TASK REQUIREMENTS = With both ends included, repeat exactly the lines of the entries below from the one containing "So in order" down to the one containing "Très jolie invitation", and no others.

RECORDS SUPPLIED =
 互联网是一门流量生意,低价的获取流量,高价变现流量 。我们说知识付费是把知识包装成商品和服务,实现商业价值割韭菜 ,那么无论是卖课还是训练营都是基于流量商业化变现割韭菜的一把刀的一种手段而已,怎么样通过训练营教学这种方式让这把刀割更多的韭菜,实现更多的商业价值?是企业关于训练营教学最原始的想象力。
...
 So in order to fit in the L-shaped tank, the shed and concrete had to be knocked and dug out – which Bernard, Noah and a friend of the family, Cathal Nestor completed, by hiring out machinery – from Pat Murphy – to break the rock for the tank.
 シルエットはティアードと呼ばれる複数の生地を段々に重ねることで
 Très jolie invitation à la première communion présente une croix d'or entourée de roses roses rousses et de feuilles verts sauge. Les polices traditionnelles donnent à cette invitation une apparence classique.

SOLUTION TO THE EXERCISE =
 So in order to fit in the L-shaped tank, the shed and concrete had to be knocked and dug out – which Bernard, Noah and a friend of the family, Cathal Nestor completed, by hiring out machinery – from Pat Murphy – to break the rock for the tank.
 シルエットはティアードと呼ばれる複数の生地を段々に重ねることで
 Très jolie invitation à la première communion présente une croix d'or entourée de roses roses rousses et de feuilles verts sauge. Les polices traditionnelles donnent à cette invitation une apparence classique.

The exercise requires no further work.